PROVIDED ENTRIES:

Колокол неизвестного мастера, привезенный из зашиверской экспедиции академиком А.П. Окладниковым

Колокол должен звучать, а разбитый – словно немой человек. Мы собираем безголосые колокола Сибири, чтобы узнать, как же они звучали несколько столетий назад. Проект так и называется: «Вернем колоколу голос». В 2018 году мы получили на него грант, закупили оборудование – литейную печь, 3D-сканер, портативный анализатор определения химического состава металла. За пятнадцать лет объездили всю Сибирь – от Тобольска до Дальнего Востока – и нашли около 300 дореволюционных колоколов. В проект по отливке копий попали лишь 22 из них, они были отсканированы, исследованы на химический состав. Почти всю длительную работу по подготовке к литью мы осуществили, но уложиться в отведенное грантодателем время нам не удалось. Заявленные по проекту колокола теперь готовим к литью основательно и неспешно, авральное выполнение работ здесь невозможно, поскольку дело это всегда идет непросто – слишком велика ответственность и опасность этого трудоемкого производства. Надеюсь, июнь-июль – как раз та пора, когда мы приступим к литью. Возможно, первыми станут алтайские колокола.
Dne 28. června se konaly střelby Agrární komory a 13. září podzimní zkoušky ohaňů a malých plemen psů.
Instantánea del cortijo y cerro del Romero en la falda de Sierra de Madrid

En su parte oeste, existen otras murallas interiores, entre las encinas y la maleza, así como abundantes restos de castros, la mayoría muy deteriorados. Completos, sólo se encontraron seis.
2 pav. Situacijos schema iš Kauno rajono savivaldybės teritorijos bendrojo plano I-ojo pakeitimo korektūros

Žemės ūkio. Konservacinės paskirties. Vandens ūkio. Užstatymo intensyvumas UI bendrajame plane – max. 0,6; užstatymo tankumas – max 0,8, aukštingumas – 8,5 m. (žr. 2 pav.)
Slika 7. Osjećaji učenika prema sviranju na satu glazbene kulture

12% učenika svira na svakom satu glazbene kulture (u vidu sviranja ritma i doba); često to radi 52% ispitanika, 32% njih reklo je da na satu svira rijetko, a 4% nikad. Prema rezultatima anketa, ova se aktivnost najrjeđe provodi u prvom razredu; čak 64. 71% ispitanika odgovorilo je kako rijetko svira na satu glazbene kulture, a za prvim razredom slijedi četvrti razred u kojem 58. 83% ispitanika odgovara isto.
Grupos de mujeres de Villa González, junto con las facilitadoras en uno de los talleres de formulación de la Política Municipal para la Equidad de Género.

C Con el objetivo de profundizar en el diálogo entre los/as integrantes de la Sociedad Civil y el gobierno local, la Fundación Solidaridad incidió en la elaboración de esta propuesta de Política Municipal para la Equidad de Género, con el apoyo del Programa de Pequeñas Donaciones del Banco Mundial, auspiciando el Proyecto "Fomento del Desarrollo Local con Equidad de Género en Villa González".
==
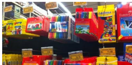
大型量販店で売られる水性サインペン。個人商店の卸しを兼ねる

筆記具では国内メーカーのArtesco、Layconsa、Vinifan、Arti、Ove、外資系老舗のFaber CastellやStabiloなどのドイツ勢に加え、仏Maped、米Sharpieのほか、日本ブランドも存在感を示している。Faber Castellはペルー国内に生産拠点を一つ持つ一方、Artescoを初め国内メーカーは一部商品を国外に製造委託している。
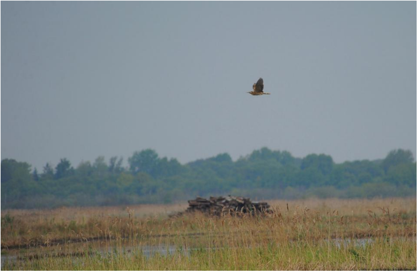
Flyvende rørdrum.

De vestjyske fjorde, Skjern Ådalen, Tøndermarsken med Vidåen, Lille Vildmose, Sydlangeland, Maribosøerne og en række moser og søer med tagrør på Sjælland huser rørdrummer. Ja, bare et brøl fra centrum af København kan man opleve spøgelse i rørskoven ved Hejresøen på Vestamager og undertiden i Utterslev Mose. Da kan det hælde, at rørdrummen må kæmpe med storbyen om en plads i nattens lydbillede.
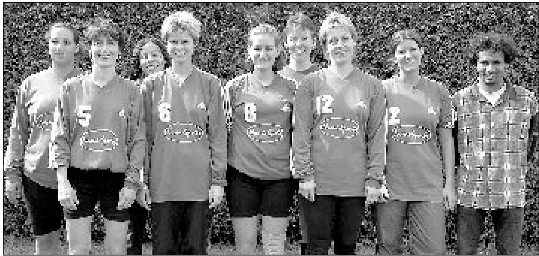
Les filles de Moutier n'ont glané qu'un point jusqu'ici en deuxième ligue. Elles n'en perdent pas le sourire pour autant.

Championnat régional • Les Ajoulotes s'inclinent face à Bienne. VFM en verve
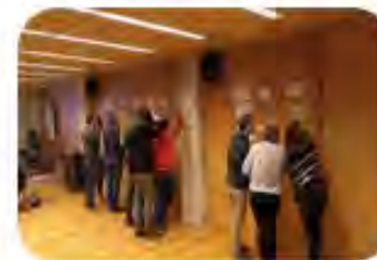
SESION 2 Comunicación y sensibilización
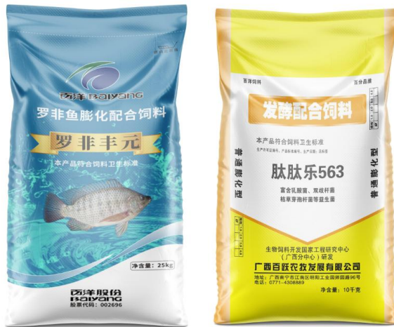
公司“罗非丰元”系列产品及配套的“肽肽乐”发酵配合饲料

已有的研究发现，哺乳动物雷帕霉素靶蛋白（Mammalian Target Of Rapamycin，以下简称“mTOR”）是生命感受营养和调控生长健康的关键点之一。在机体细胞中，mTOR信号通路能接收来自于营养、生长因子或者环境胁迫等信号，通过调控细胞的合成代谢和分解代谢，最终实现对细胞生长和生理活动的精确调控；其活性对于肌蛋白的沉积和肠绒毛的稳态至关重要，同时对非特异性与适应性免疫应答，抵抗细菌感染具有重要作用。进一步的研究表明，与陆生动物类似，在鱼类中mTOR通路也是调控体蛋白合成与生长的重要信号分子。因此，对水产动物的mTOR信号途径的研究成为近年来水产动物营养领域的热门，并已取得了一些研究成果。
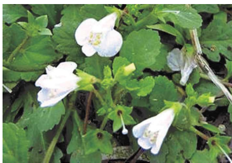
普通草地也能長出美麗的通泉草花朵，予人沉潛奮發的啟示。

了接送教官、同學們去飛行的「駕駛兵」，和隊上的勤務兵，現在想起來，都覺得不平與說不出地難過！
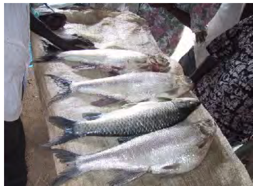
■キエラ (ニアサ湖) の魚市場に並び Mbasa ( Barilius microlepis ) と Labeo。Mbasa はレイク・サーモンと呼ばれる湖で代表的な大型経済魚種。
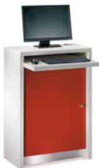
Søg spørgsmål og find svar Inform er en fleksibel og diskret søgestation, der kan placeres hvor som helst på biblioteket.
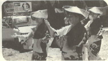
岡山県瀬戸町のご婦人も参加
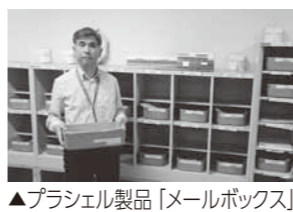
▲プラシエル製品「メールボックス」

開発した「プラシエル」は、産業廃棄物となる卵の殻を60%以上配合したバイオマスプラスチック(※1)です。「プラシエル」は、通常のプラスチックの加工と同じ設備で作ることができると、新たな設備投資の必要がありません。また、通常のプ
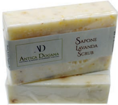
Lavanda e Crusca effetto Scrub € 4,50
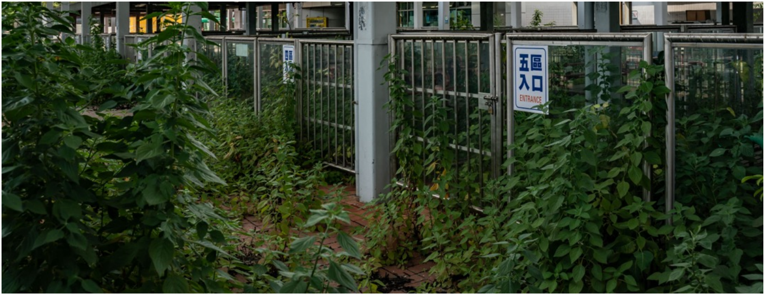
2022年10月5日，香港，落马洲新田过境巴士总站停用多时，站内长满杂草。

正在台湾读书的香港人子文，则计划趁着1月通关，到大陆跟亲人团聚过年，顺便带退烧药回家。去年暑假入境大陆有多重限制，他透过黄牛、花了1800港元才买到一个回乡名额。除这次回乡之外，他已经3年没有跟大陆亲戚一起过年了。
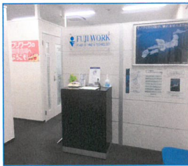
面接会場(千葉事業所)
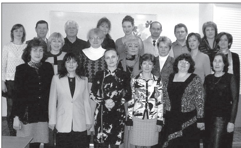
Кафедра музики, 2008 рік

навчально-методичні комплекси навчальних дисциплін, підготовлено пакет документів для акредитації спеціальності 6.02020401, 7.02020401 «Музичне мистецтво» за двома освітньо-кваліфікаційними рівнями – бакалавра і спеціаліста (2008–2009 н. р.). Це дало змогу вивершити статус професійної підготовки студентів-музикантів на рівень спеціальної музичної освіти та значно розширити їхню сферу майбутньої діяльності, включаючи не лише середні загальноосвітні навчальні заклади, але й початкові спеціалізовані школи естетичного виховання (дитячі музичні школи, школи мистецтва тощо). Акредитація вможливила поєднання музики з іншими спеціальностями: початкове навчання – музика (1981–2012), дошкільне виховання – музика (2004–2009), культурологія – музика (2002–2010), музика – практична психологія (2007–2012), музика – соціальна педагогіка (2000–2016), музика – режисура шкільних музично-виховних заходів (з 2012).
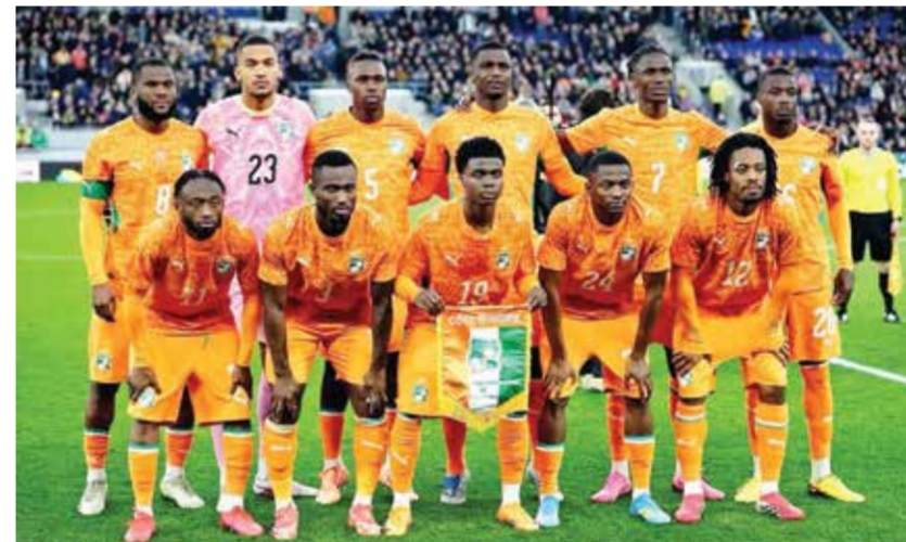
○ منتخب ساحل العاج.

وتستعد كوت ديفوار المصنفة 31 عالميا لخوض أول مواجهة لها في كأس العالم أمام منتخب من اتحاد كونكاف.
...
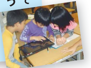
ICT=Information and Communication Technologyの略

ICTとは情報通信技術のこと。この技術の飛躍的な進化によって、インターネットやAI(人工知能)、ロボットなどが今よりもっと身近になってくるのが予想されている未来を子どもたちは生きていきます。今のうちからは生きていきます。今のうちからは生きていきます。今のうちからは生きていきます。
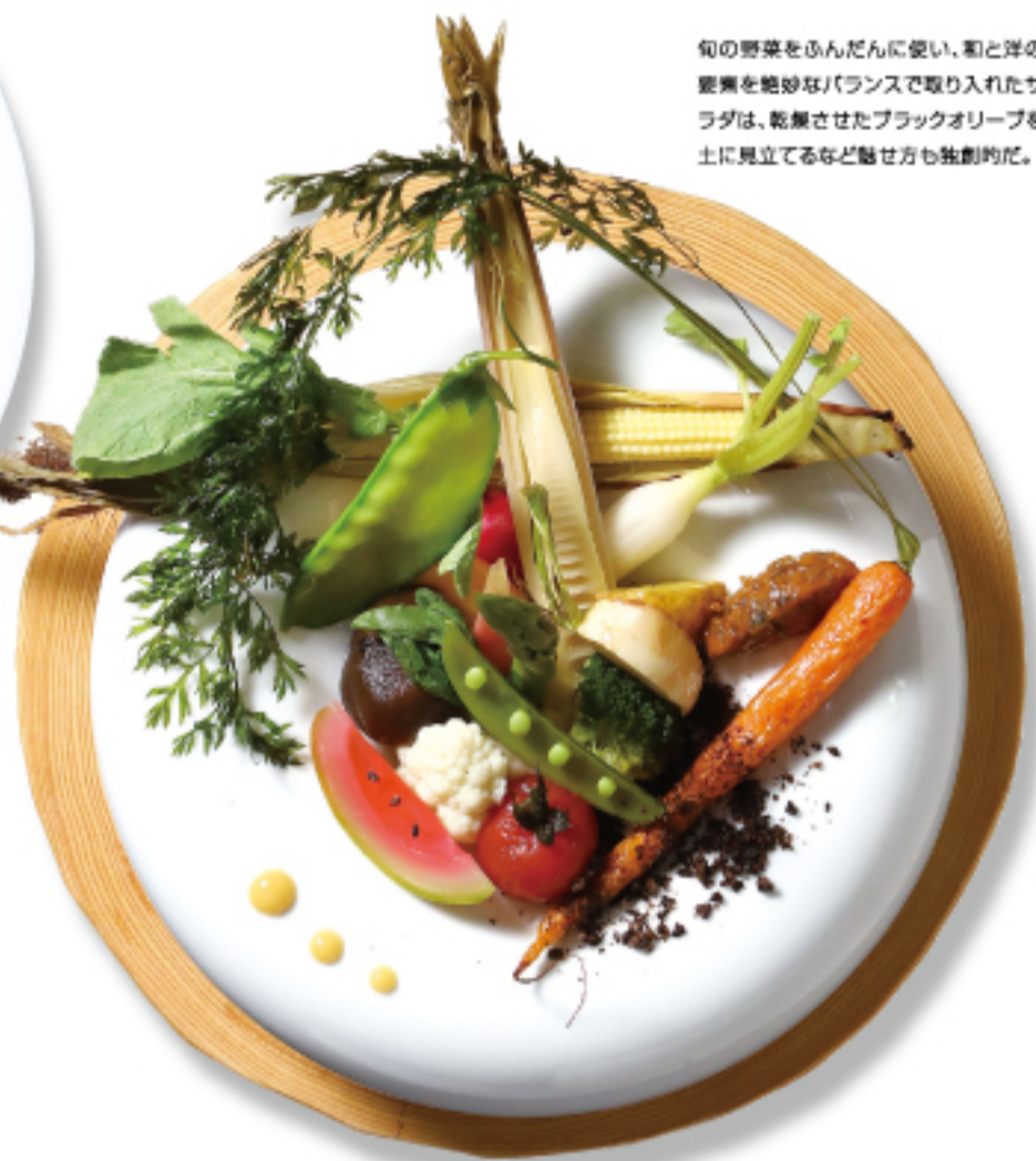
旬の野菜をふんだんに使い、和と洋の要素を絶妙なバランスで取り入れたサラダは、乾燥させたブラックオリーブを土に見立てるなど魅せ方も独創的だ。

TO DO:
What you return must match, character for character, the lines above from the one with "De vestjyske fjorde, Skjern" through the one with "Кафедра музики, 2008 рік", minus any pictures.

OUTPUT BELOW:
De vestjyske fjorde, Skjern Ådalen, Tøndermarsken med Vidåen, Lille Vildmose, Sydlangeland, Maribosøerne og en række moser og søer med tagrør på Sjælland huser rørdrummer. Ja, bare et brøl fra centrum af København kan man opleve spøgelse i rørskoven ved Hejresøen på Vestamager og undertiden i Utterslev Mose. Da kan det hælde, at rørdrummen må kæmpe med storbyen om en plads i nattens lydbillede.
Les filles de Moutier n'ont glané qu'un point jusqu'ici en deuxième ligue. Elles n'en perdent pas le sourire pour autant.

Championnat régional • Les Ajoulotes s'inclinent face à Bienne. VFM en verve
SESION 2 Comunicación y sensibilización
公司“罗非丰元”系列产品及配套的“肽肽乐”发酵配合饲料

已有的研究发现，哺乳动物雷帕霉素靶蛋白（Mammalian Target Of Rapamycin，以下简称“mTOR”）是生命感受营养和调控生长健康的关键点之一。在机体细胞中，mTOR信号通路能接收来自于营养、生长因子或者环境胁迫等信号，通过调控细胞的合成代谢和分解代谢，最终实现对细胞生长和生理活动的精确调控；其活性对于肌蛋白的沉积和肠绒毛的稳态至关重要，同时对非特异性与适应性免疫应答，抵抗细菌感染具有重要作用。进一步的研究表明，与陆生动物类似，在鱼类中mTOR通路也是调控体蛋白合成与生长的重要信号分子。因此，对水产动物的mTOR信号途径的研究成为近年来水产动物营养领域的热门，并已取得了一些研究成果。
普通草地也能長出美麗的通泉草花朵，予人沉潛奮發的啟示。

了接送教官、同學們去飛行的「駕駛兵」，和隊上的勤務兵，現在想起來，都覺得不平與說不出地難過！
■キエラ (ニアサ湖) の魚市場に並び Mbasa ( Barilius microlepis ) と Labeo。Mbasa はレイク・サーモンと呼ばれる湖で代表的な大型経済魚種。
Søg spørgsmål og find svar Inform er en fleksibel og diskret søgestation, der kan placeres hvor som helst på biblioteket.
岡山県瀬戸町のご婦人も参加
▲プラシエル製品「メールボックス」

開発した「プラシエル」は、産業廃棄物となる卵の殻を60%以上配合したバイオマスプラスチック(※1)です。「プラシエル」は、通常のプラスチックの加工と同じ設備で作ることができると、新たな設備投資の必要がありません。また、通常のプ
Lavanda e Crusca effetto Scrub € 4,50
2022年10月5日，香港，落马洲新田过境巴士总站停用多时，站内长满杂草。

正在台湾读书的香港人子文，则计划趁着1月通关，到大陆跟亲人团聚过年，顺便带退烧药回家。去年暑假入境大陆有多重限制，他透过黄牛、花了1800港元才买到一个回乡名额。除这次回乡之外，他已经3年没有跟大陆亲戚一起过年了。
面接会場(千葉事業所)
Кафедра музики, 2008 рік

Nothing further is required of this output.